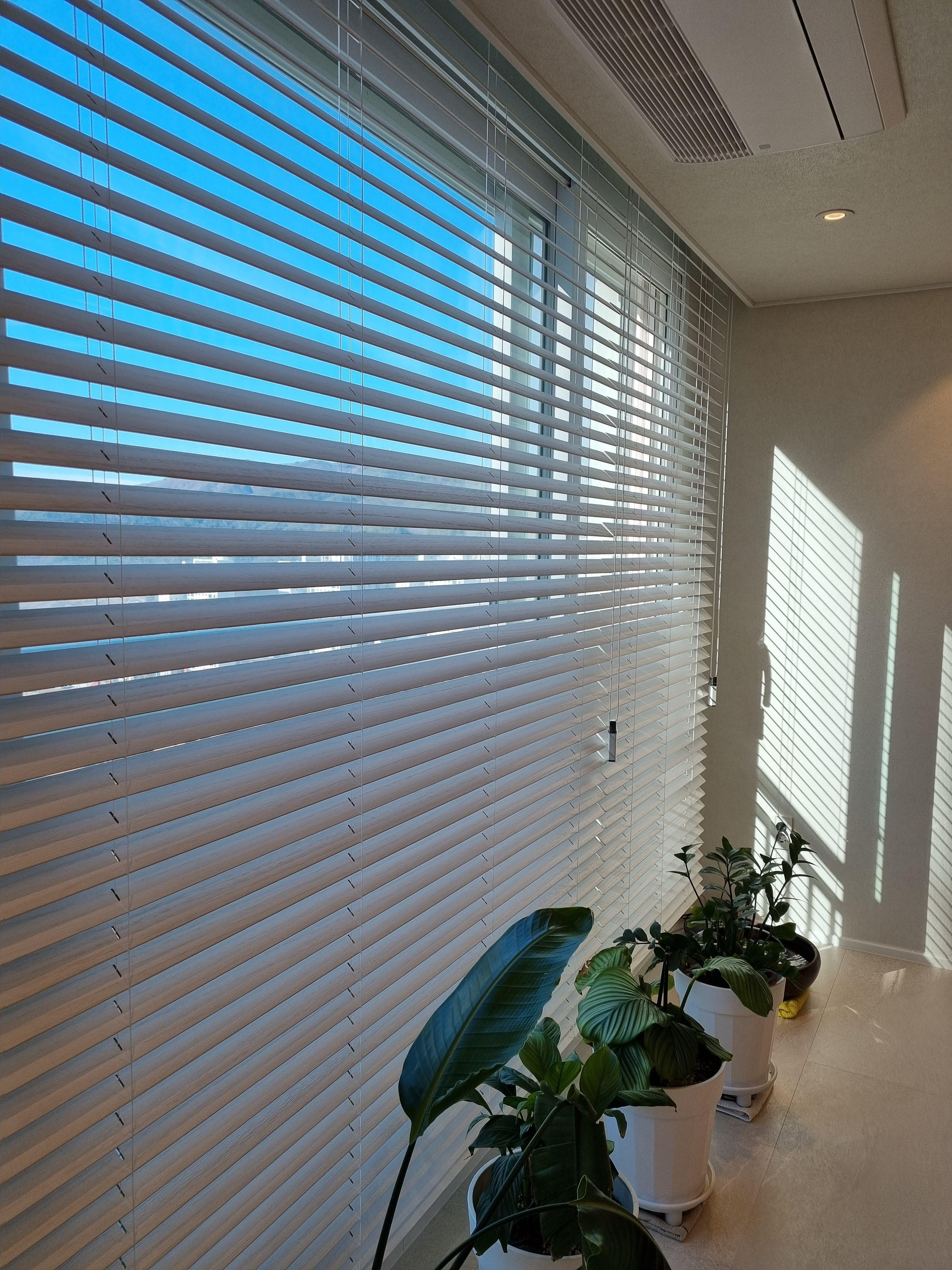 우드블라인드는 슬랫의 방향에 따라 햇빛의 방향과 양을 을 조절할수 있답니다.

* * *

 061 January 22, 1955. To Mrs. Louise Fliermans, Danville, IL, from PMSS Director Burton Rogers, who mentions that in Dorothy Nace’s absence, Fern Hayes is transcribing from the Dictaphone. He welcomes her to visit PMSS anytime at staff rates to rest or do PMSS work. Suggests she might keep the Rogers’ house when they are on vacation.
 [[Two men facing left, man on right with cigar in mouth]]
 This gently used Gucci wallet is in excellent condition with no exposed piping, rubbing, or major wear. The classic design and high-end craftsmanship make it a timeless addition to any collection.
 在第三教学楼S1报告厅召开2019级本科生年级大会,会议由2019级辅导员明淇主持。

* * *

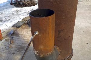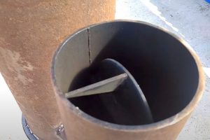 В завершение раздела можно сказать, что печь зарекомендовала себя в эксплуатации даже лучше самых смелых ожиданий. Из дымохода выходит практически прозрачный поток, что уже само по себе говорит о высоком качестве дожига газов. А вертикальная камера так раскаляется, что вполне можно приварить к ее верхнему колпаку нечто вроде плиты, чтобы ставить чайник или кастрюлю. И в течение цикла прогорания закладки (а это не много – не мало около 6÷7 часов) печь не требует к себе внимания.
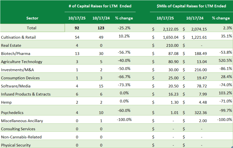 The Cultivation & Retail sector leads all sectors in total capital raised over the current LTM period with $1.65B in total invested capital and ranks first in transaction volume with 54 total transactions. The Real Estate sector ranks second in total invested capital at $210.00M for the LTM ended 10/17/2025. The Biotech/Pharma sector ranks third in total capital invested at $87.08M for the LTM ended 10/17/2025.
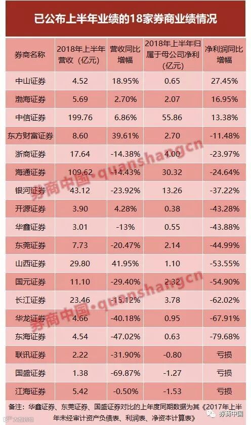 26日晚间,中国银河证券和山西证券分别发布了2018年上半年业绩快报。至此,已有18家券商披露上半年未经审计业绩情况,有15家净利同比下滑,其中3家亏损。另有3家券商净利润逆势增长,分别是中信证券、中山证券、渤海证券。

-- Problem to solve --
Your answer must be the lines above from the one holding "The Cultivation &" up to and including the one holding "26日晚间,中国银河证券和山", exact and with no pictures.

-- Response box --
 The Cultivation & Retail sector leads all sectors in total capital raised over the current LTM period with $1.65B in total invested capital and ranks first in transaction volume with 54 total transactions. The Real Estate sector ranks second in total invested capital at $210.00M for the LTM ended 10/17/2025. The Biotech/Pharma sector ranks third in total capital invested at $87.08M for the LTM ended 10/17/2025.
 26日晚间,中国银河证券和山西证券分别发布了2018年上半年业绩快报。至此,已有18家券商披露上半年未经审计业绩情况,有15家净利同比下滑,其中3家亏损。另有3家券商净利润逆势增长,分别是中信证券、中山证券、渤海证券。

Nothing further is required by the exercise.